Há muitos tipos de endogenia. Fala-se em endogenia genética, acadêmica ou científica, cultural, social... A indesejável “imobilidade” ─ ou o “provincianismo” ─ decorrente da endogenia tem levado a reparadores esforços de interação, principalmente em áreas cognitivas. Um reflexo disso é a valorização da interdisciplinaridade nos meios científicos: o enfrentamento dos grandes desafios atuais da humanidade, nas questões ambientais, de saúde e segurança pública, geopolíticas, econômicas, sociais, urbanísticas, alimentares, demográficas, energéticas... demandam a soma de saberes de diversas áreas de conhecimento. Mesmo da antes subestimada etnociência dos povos originários, com os quais temos muito a aprender. Somos ainda fruto de uma educação disciplinar, compartimentada em “blocos” de conhecimento, que dificultam enxergarmos os desafios integradamente, holisticamente. Ainda temos forte propensão ao individualismo e ao narcisismo.
“Nanismo” é uma palavra que tem a mesma raiz de “nanico”, de nánnos = muito pequeno. A endogenia, cristalizando certos atributos pela falta de intercâmbio, conduz à pequenez. Seja da estatura, dos conhecimentos, das ideias, dos gostos, das amizades, das fantasias, dos sonhos... Pode conduzir à pequenez de todo nosso ser: o físico, o orgânico, o intelectual, o cognitivo, o emocional, o estético, o afetivo, o espiritual...

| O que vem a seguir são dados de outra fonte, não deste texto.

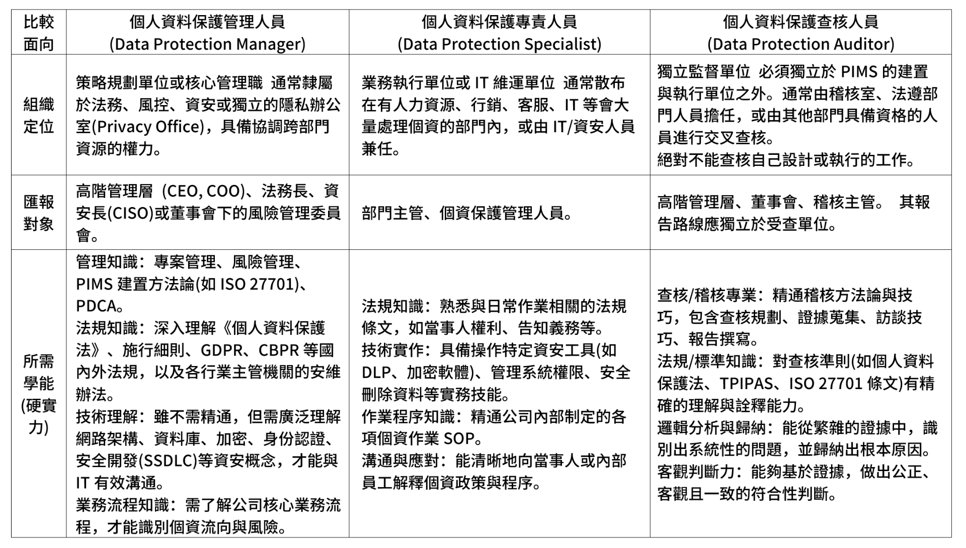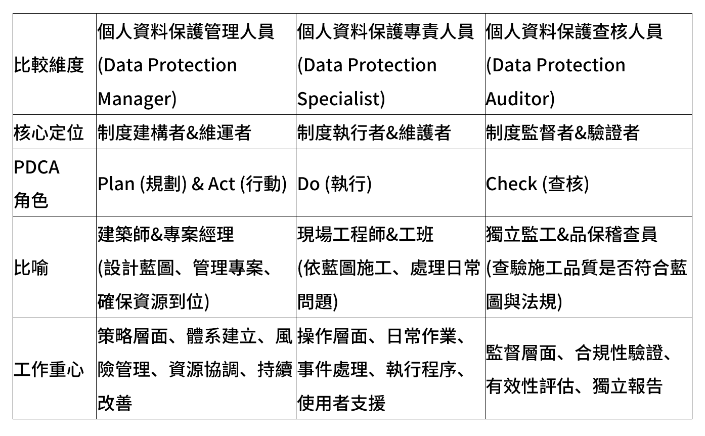 【深度解析】企業個資保護鐵三角:專責、管理、查核人員到底差異在哪?(中)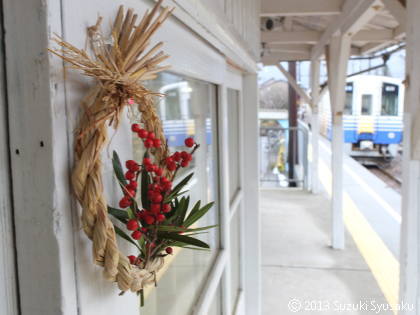 新年あけましておめでとうございます。 旧年中の沢山の御縁に感謝しつつ、ますます創作活動に精進して参ります。 本年もよろしくお願い致します。 元旦の福井はかなり激しい雨でした。 取材的にはせめて雪なら…というところですが、当地で新年を迎えられただけでも私にとっては大収穫だったのかな?とも思います。 今日一日、雨の日なりに駅や沿線の正月らしい風景をできるだけ探し歩いてみることにします。 昨晩遅くに訪れた線路際の神社に今朝もお参りしてきました。 参道の石段の途中を突然線路が横切っていて、建前としては線路侵入は勿論御法度ですが、踏切も別の参道も無いのでここを渡らないと参拝に行けないという何とも不思議なシチュエーションです。 さすがに普段は訪れる人も稀なんでしょうが、やはり元日とあっては初詣に来られる方も少なからずおられるのでしょう。 とりわけ今日は何度も警笛を鳴らしながら、ゆっくりゆっくり、運転士さんも相当神経を遣いながら通過されている様子が覗えました。 とある無人駅の待合室前には不相応なほど立派な門松が立てられていました。 5年前にも同じ風景を見た記憶があります。 後で訊けば地元の方が毎年立てて下さっているんだとか。 やっぱり地域に愛されている電車なんだなぁ…と、見ているだけで心が和む風景でした。 昨日もお昼はソースカツ丼、夜はおろし蕎麦だったのですが…(笑)。 元日から大好物を頂くことができただけでも大満足です♪----おしらせ----【作品掲載】えちぜん鉄道「平成26年版カレンダー」発売中!>>詳細はこちら(※PC/携帯共用)>>詳細はこちら(※PC/携帯共用)【作品掲載】季刊「スロウ」2013秋号発売中!>>詳細はこちら(※PC/携帯共用)>>詳細はこちら(※PC/携帯共用)【作品掲載】日本の美を伝える和風年賀状素材集「和の趣」午年版>>詳細はこちら(※PC/携帯共用)>>詳細はこちら(※PC/携帯共用)【札幌の水彩色鉛筆画家】 ~イラストレーター鈴木周作~公式サイトも併せて御覧下さい>>[PC|Mobile|北斗星乗車記|えちてつ絵日記]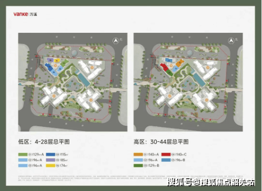 低区(4–28层):2梯6户,主打74–129㎡中小户型;
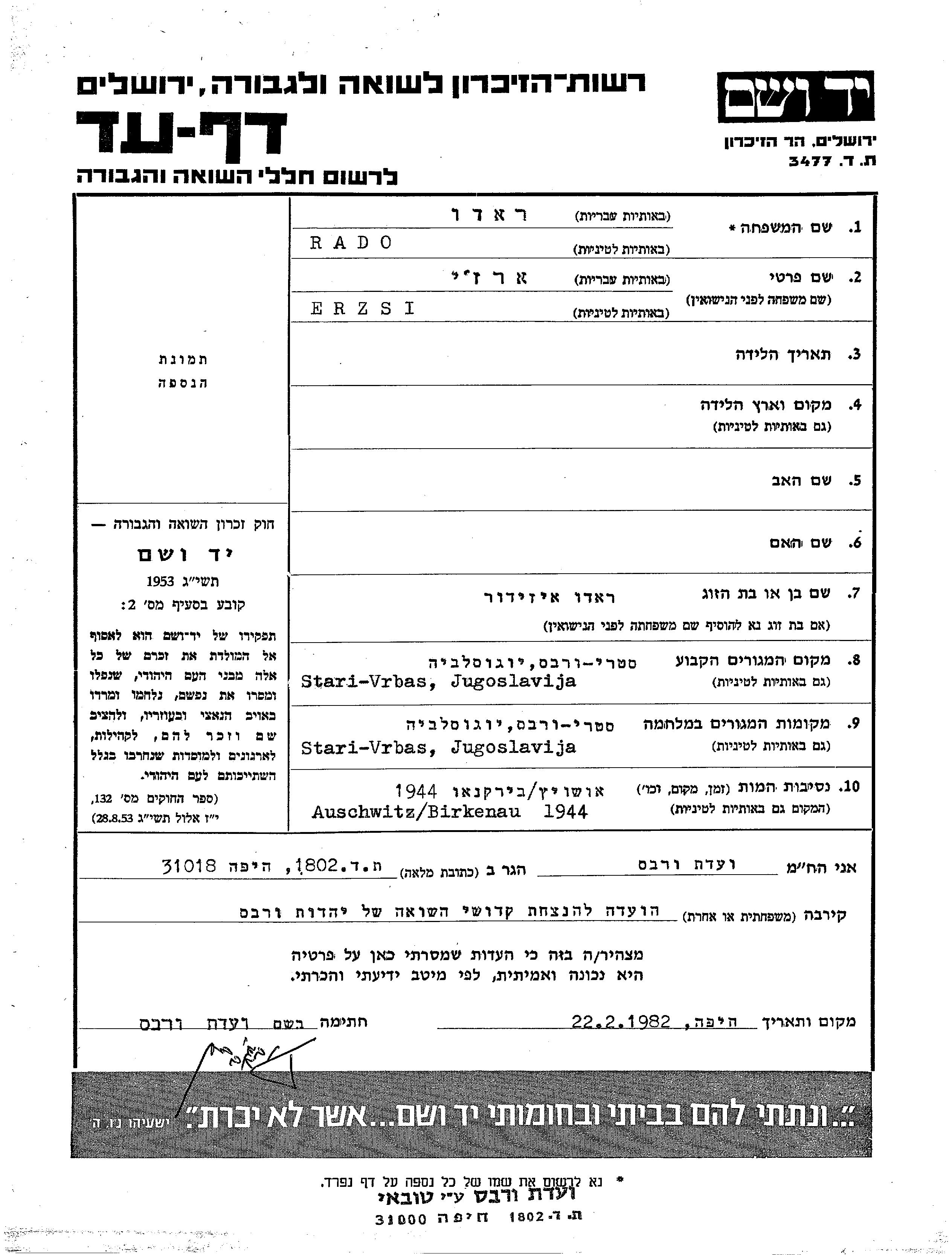 Rado Erzsi Stari Vrbas, Yugoslavia Page of Testimony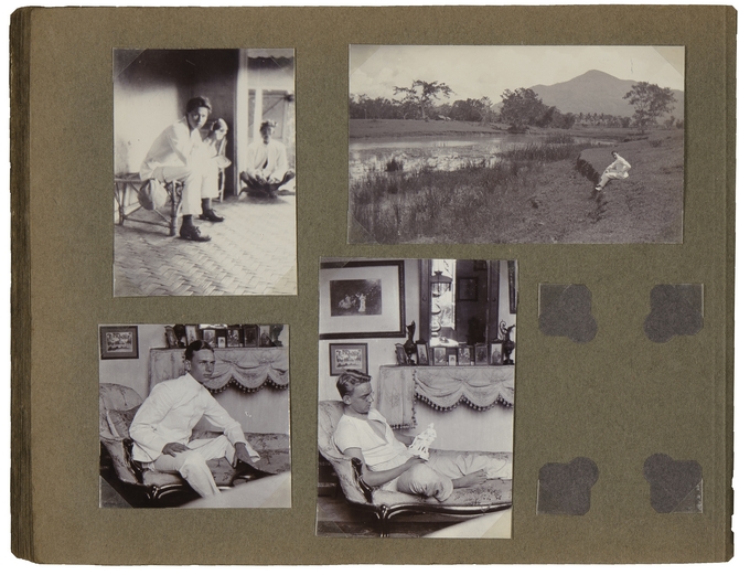 Linksboven: Phely Jordaan (?) drinkend uit kokosnoot (op achterzijde: Haoer Poegoer Maart ’21)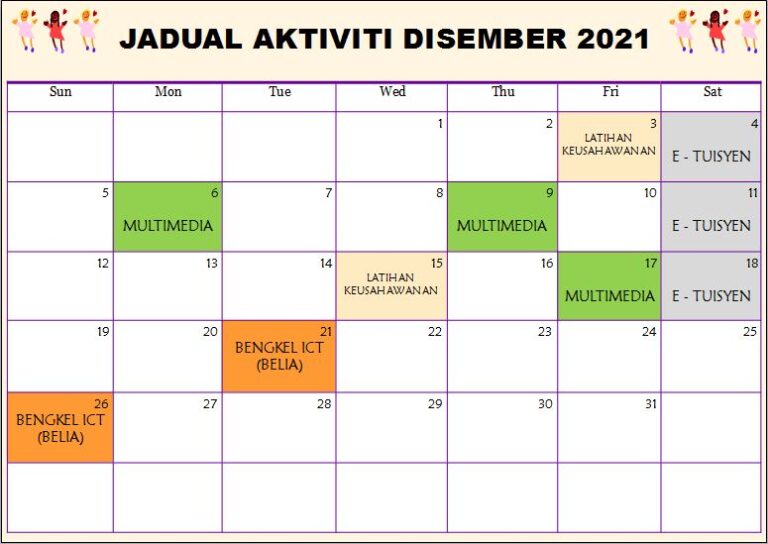 Jadual Aktiviti Disember 2021 PEDi Kampung Jemapoh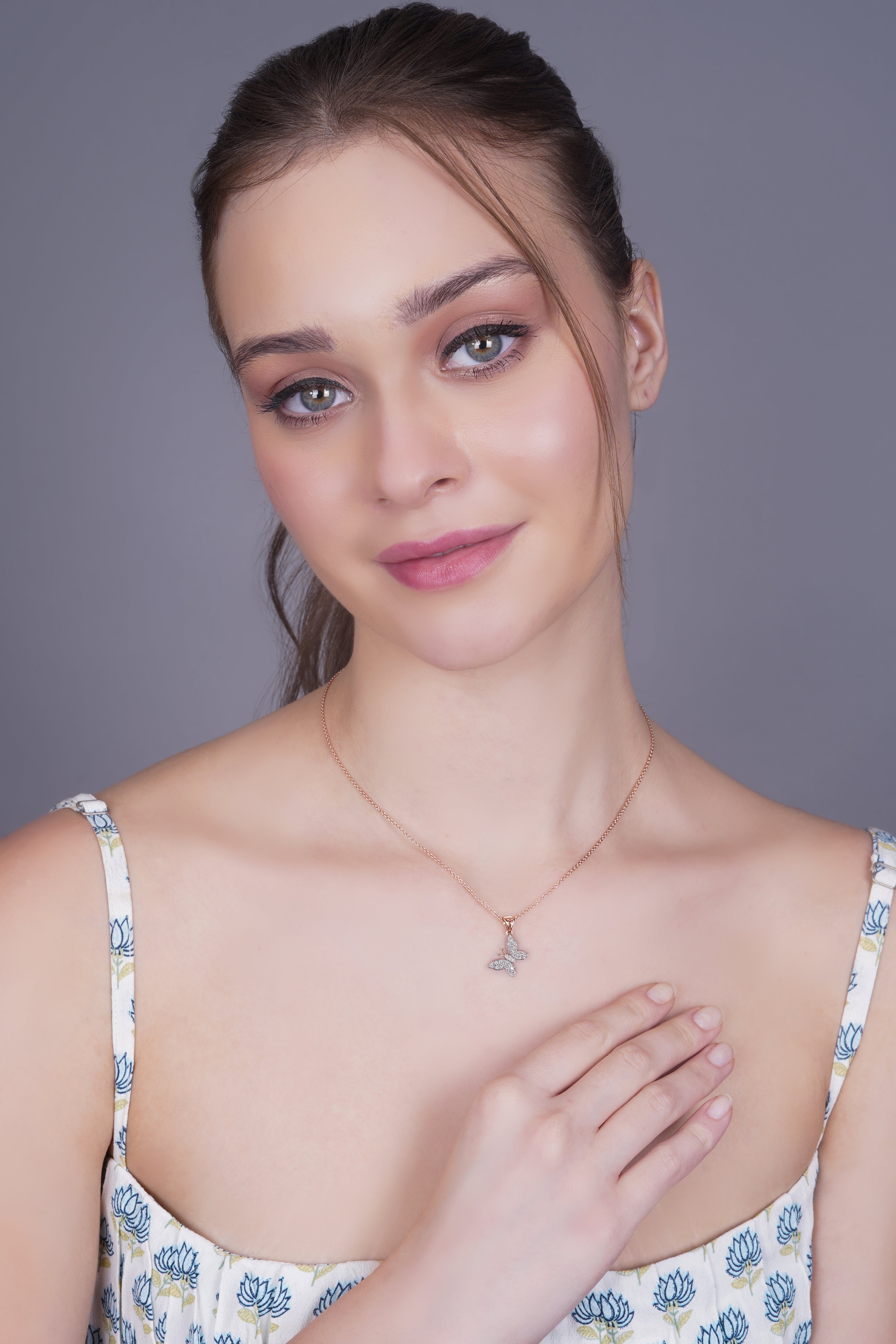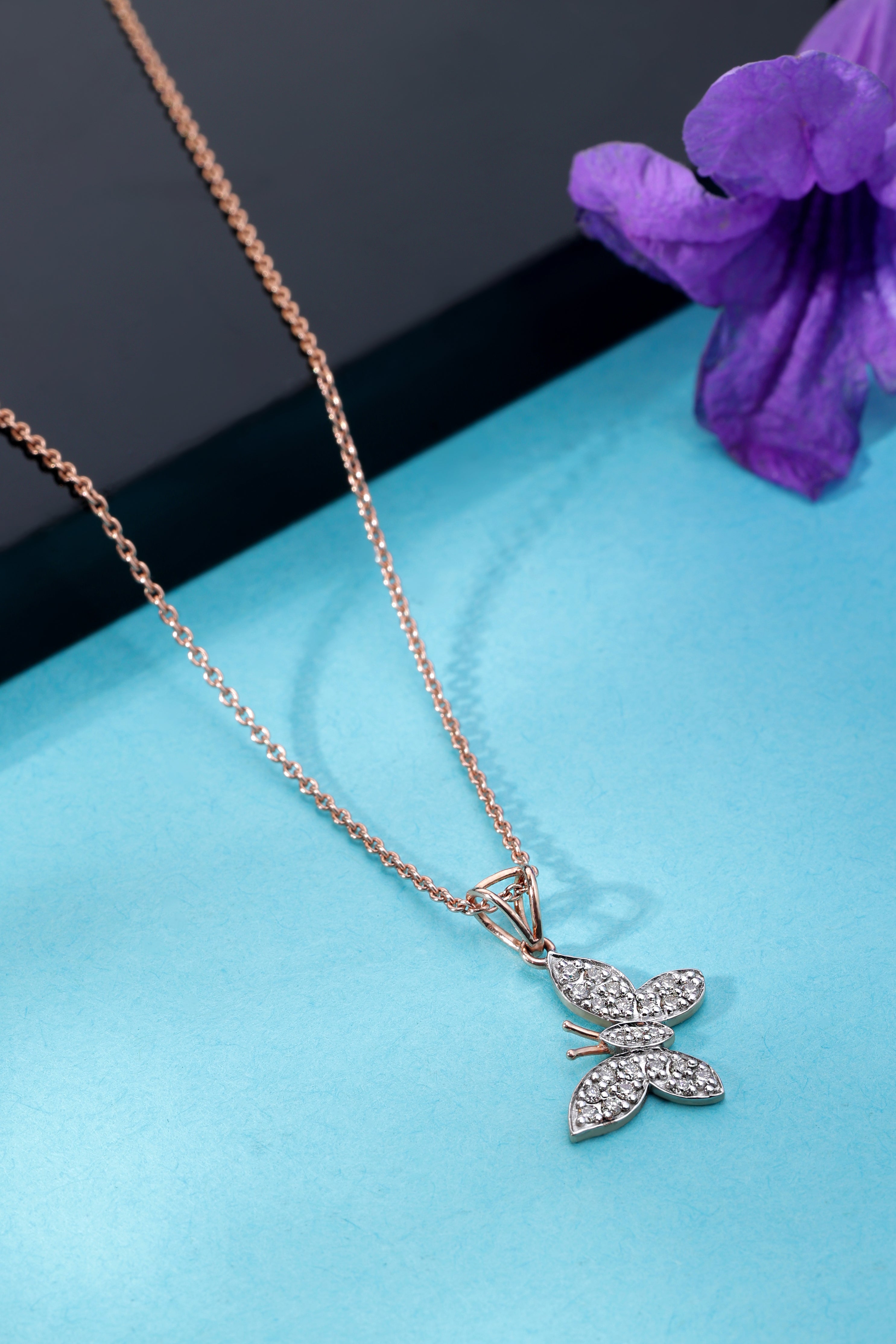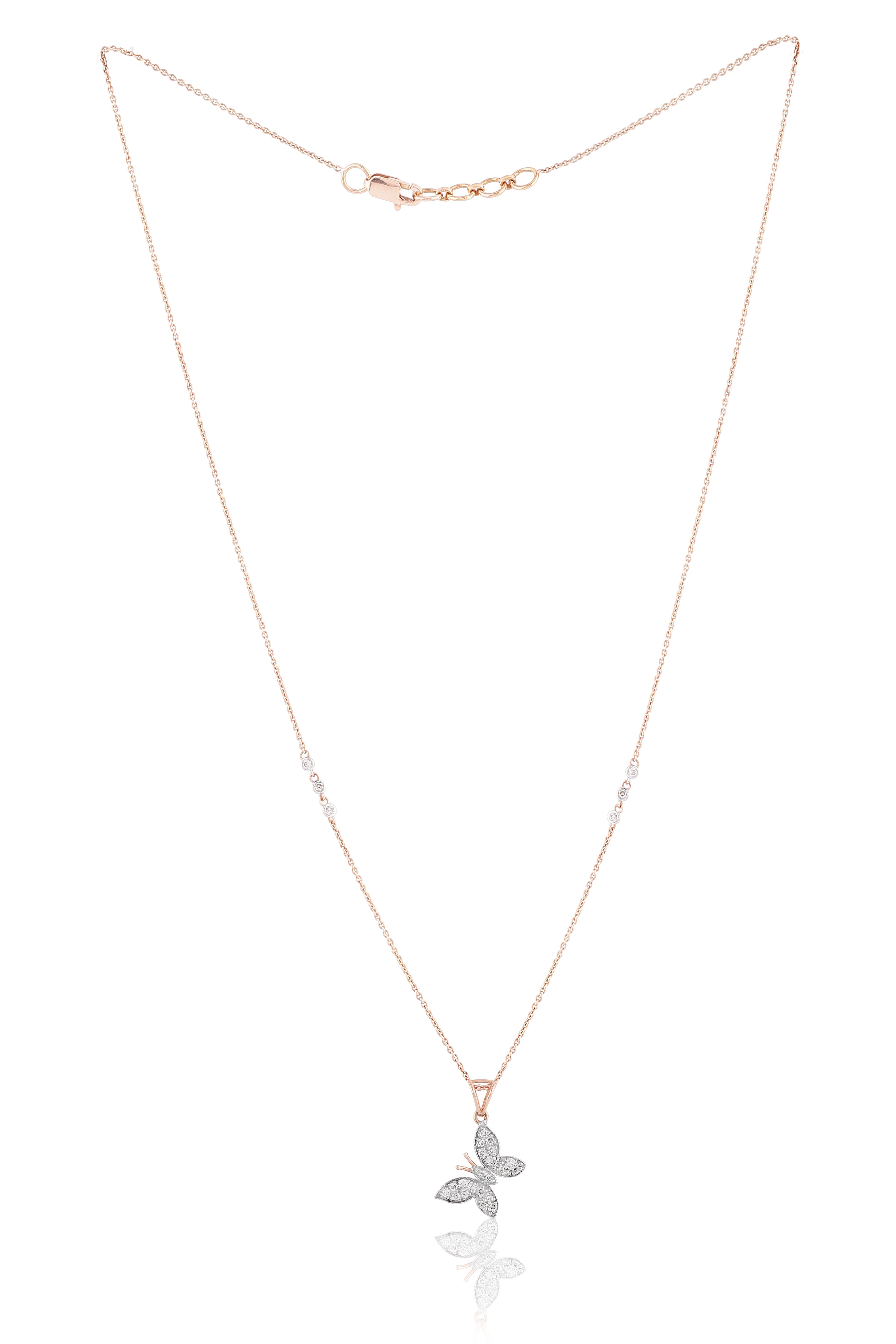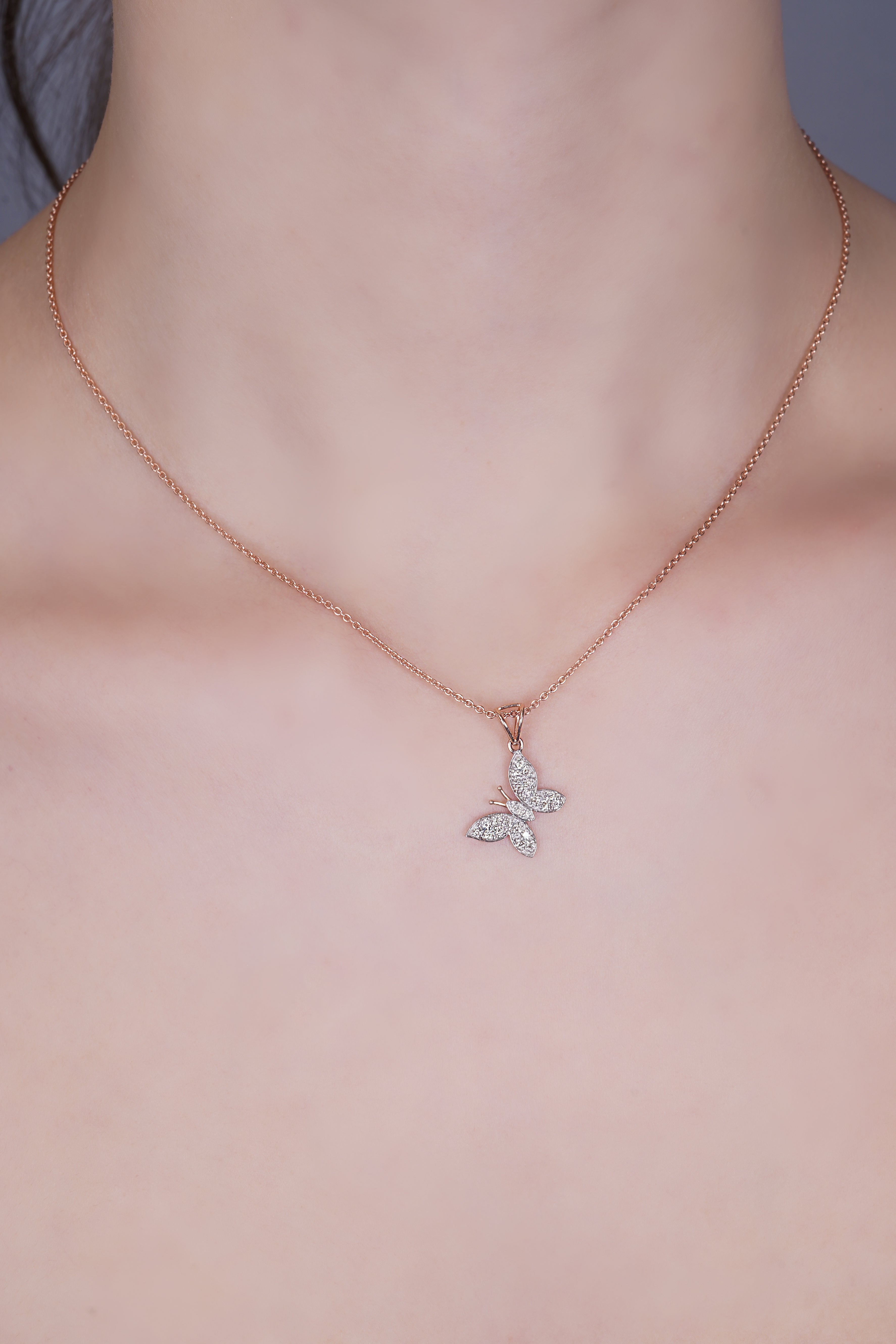 Introducing the Fluttering Wings Diamond Butterfly Pendant: Fluttering Wings Diamond Butterfly Pendant be a symbol of your unique style and embrace the delicate beauty of nature. Embodying the essence of nature's wonders, the "Fluttering Wings" Diamond Butterfly Pendant features a beautifully crafted butterfly shape. The intricate details of the butterfly's wings, delicately adorned with round brilliant diamonds, create a mesmerizing play of light and sparkle. The design exudes a sense of grace and sophistication, making it a perfect accessory for any occasion.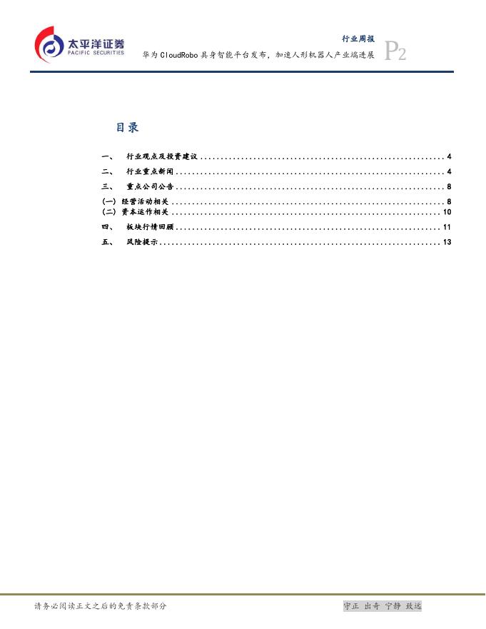 太平洋证券:机械行业周报:华为CloudRobo具身智能平台发布,加速人形机器人产业端进展.pdf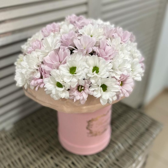 Хризантемы в шляпной коробке в Курске

Há quem tema que o intercâmbio e a interdisciplinaridade possam levar à perda da identidade e da acuidade. Talvez, neste caso, a palavra melhor fosse então banalização ─ promiscuidade ─ e não intercâmbio. É a delicada questão de saber preservar, ao mesmo tempo, as raízes e as asas: as raízes que nos garantem a identidade e a comunhão com os ancestrais e a terra mátria; as asas que nos revelam a grandeza e riqueza do diverso e a real dimensão do nosso ser frente aos demais.
Nos intercâmbios, há sempre que cuidar de discernir entre o que acrescenta, preservando a identidade, e o que é tentativa, muitas vezes subliminar, de impor caracteres hegemônicos: a ditadura dos modismos, exotismos, extravagâncias e modernismos. É a forte pressão para anular nossa singularidade, uniformizando-nos num rebanho de ávidos consumidores de produtos, ideologias e valores que nos são estranhos.
Enfim, há que se abrir, coexistir, interagir, permutar. Com amorosidade e criatividade. Sabendo reconhecer e preservar a própria identidade e a identidade do outro.